AFAIK MS let pay IBM the bill for the OS/2 development, and used that 
experience in the development of Windows (NT).

>> No problem, as long as proper host/network byteorder conversion is 
>> applied in reading/writing such files. 
> 
> I don't see that as something evident.

It's evident in the case of reading/writing words on byte-based media, 
where the byte order is important.

> crlf vs lf is not fully transparent
> either, just open an lf file with notepad. Many unix editors show crs etc.
> There isn't even an universal marker to signal it (like BOMs)

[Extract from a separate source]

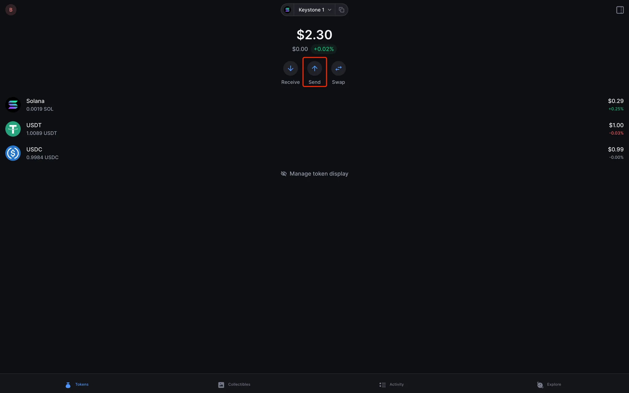 2단계: Keystone Hardware Wallet으로 Solana 보내기

The handling of Carriage Return (CR) and Line Feed (LF) was essential on 
mechanical (teletype-style) terminals. A Teletype terminal had no input 
buffer, and couldn't perform an full Carriage Return within the 
transmission time of the following code. That's why most protocols sent 
a CR first, to start the carriage movement, followed by an LF, which was 
processed before arrival of the next code. Both LF and CR had different 
purposes, and could be used individually for special printing effects 
(overwrite, form feed).

Newer devices (and computers) had no such timing requirements, so that a 
single character code was sufficient to indicate a (logical) 
end-of-line. Unfortunately some company used CR for that purpose, others 
used LF, and MS used CR+LF as an EOL indicator. WRT to text output on 
printing devices, the CR+LF convention certainly was the correct 
solution. Problems arised only in data exchange between multiple 
different systems, which had to cope with all three conventions. Unicode 
provided no improvement, in contrary the same mess was continued with 
de/composed accented characters and umlauts :-(

> Putting layer upon layer in a misguided attempt to make anything accept
> anything transparent is IMHO a waste of both time resources and computing.  Better
> intensively maintain a few good converters, and strengthen metadata
> processing and retention to make it automatic in a few places where it
> really matters. I'm no security expert, but I guess from a security
> viewpoint that is better too.

I don't know about any text processing model really *superior* to 
Unicode, do you?

And OOP is perfectly suited to implement multi-layer models.

DoDi